Increase Your Mortgage Chances
If you are thinking of buying a house then you will know all about the challenges that come with taking out a mortgage. It might seem like an absolutely impossible task and the banks usually have a million and one excuses as to why they should not approve you. Luckily there are a few tricks of the trade that we would like to share with you and they are not very difficult to understand. The advice we give you is so easy to implement and it will definitely help you in your journey to purchasing your dream home.
Not all lenders will like you
The first thing that you need to do (and you probably already know this by now) is that you should look attractive to lenders. This is where the trouble comes in. Not every lending company will look for the same criteria and you need to fit the box that they have designed for home owners. If you don’t, you get rejected – simple as that. If you feel like you fit in between, in the ‘grey’ area, then it could swing any way. Lenders usually look at the following criteria to see if you meet it:
- the size of the loan you are asking to take out
- how much you have already saved
- your employment status and income figures
- your credit card rating
- your expenditures
- your existing debt
If you pass the criteria, it still does not mean that you will be accepted. These companies are very strict with their screening processes. Don’t go see only one lender; it doesn’t mean that if one rejects you, another one will too. Apply for mortgage at as many places as you can and if more than one accepts you, then you have the choice of which one is the best.
Repay other debts
As you have seen above, lenders are going to ask about your debt and they are probably going to want to see statements. One way of getting this debt down is to repay it before you go and see the lender. Repaying things like retail accounts, overdraft accounts, and cell phone bills will increase your chances of fitting the criteria. The lenders are going to look at how much you spend per month trying to get rid of debt and they are going to assess whether or not you can afford the mortgage every month. If you are not using an account or credit card, rather close it. You can always apply for a new one after your mortgage has been approved.

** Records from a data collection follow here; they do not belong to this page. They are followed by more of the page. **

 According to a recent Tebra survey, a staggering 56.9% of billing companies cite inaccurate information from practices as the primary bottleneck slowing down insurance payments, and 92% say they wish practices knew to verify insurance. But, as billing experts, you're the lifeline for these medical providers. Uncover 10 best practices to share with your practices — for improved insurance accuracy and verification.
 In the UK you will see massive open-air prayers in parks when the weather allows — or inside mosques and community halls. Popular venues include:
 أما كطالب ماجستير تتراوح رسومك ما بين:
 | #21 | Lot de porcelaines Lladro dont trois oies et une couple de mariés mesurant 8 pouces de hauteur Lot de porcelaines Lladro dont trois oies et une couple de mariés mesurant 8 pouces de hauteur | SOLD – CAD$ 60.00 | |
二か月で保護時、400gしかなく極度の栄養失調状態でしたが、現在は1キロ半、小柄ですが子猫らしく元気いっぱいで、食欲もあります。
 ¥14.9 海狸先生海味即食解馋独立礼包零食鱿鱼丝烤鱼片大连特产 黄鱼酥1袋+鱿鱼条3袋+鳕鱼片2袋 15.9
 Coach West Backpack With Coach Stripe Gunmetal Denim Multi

Want mortgage? Always pay all your bills on time
This should be obvious to you. Every single payment that you miss when it comes to your bills will reflect on your credit rating – and it won’t look good. These skipped payments will count against you for at least one year and it does not go away until at least 6 years. An easy way to keep track of your bills is to set up direct debit orders so that it is automatically paid every month. If you can’t keep up with the bills per month, how are you going to keep up with a mortgage?
Your ex partner’s score can wreck yours
It is very important that you are aware of the implications of a joint account or credit if you are linked to someone else. If you are separated from them, de-link yourself as soon as possible. If you keep the account or credit linked and the other person skips payments or commits financial misdemeanours it automatically reflects badly on your record. Credit agencies do disassociate you from your ex-partner; all you have to do is contact them. Make sure that you check their credit history regularly if you are uncertain.

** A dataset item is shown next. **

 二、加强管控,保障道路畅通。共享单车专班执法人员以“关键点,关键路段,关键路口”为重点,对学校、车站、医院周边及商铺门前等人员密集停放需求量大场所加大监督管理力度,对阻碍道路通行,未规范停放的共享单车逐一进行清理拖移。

Minimize your spending before applying for a mortgage
We have already said that lenders will want to look at your expenditures before approving your mortgage and they will probably want to see statements. This is all part of the ‘stress test’ – this means that they would like to see if you will still be able to afford your mortgage payment if the rates went up to 6%. Lenders might ask you for your last 3 months’ bank statements and your payslips to see if your expenditure correlates with your income. It is worth it to limit your spending for the next 3 months so that you record looks a bit better, especially if you are applying for a large mortgage. You should also consider living frugally once you have actually purchased the house – there are a number of new running costs that might infiltrate your budget and give you some surprises at the end of the month. This way you will always have money to stop the holes.
Check your credit score before your lender does
One of the main things that you need to convince the lender of is that you can manage to pay back the mortgage and that you are a responsible adult who can work with money. One way of doing this is to check your own credit score and see if you have a good credit rating and payback history. Your credit file consists out of numerous things like credit cards, loans, overdrafts, utility payments and even some mobile payments. It covers all accounts opened during the last 6 years. The great thing is that you can check the history for free.

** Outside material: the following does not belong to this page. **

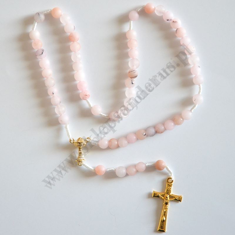 Różaniec komunijny na sznurku, koraliki wykonane z kamienia półszlachetnego, krzyży i łączniki metalowe. Długość różańca ok 30 cm, średnica koralika 5 mm.
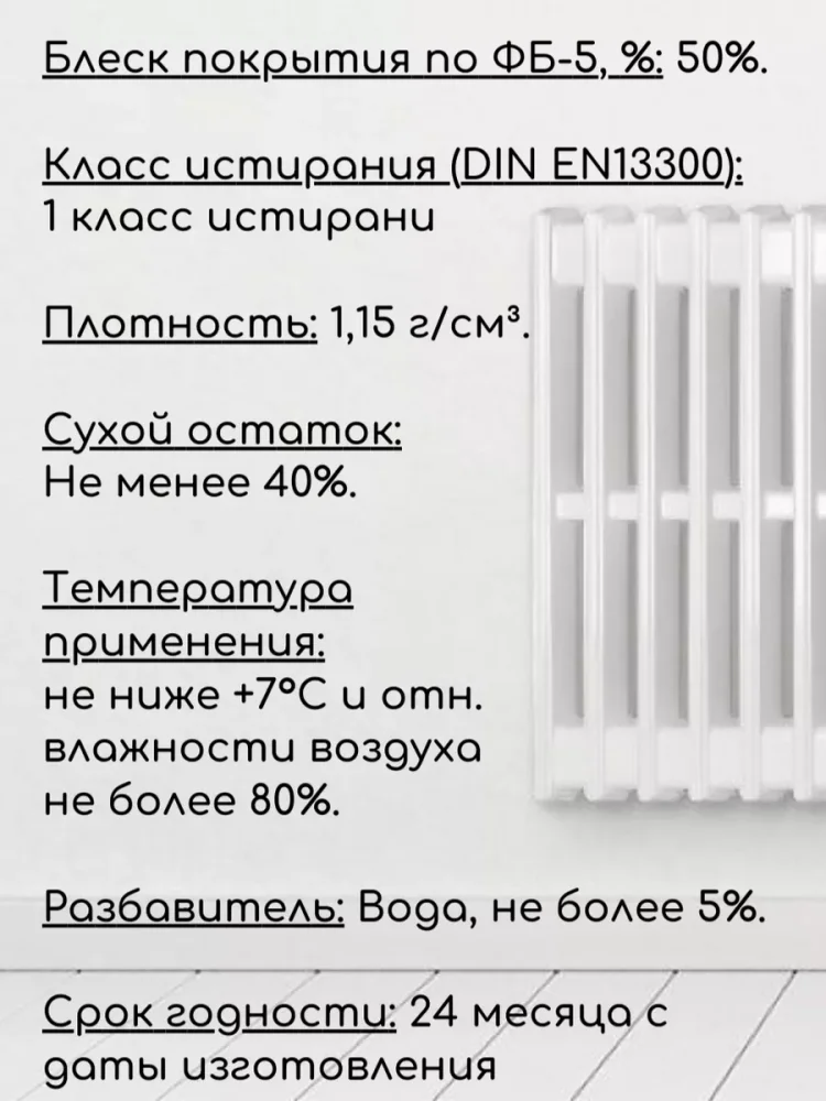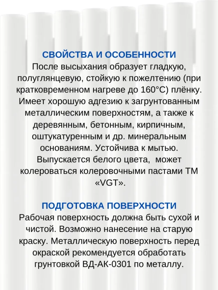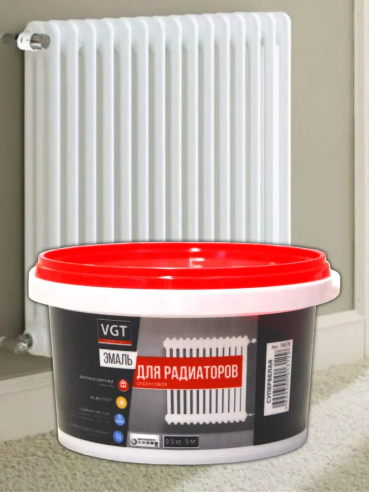 Эмаль VGT Профи для радиаторов, супербелая, предназначена для финишного окрашивания радиаторов, труб водяного отопления и водоснабжения в бытовых и строительных условиях. Изготовлена на основе самосшивающейся акриловой дисперсии, обеспечивающей более качественные характеристики по сравнению с другими обычными полимерами. После высыхания образует гладкую, глянцевую пленку, стойкую к пожелтению (при кратковременном нагреве до 160 градусов).

Prepare your paperwork to speed things up
Lenders need to see proof of income so that they can see if they are able to grant you your mortgage. It makes sense for you to gather all your paperwork in advance and send it in at one time so that you can get a faster answer. Many lenders won’t accept printed bank statements so you will need to go into the branches in order to obtain an original copy. Ask for these a few weeks in advance so that you have enough time if you should wait for it. Here is the paperwork that you should get ready:
- past 3 months’ bank statements
- last 3 months’ pay slips
- proof of bonuses or commission
- your latest tax form
- your last 3 years of accounts or tax returns
- proof of deposits
- ID documents
- proof of address
- a gift letter if you are receiving help from someone who will not be owning the home
Enlist the services of a good mortgage broker
A mortgage broker who knows his stuff will be able to help you before you go to consult a lender. They will be able to tell you exactly what to do and to expect in order to get your mortgage approved. A broker does thorough and updated searches of the market so that he can let you know of any new conditions you need to pertain to. He will also be able to take into consideration your personal financial situation and advise you according to that. Brokers may ask absurd fees for little advice so do your research first before you invest in their counsel.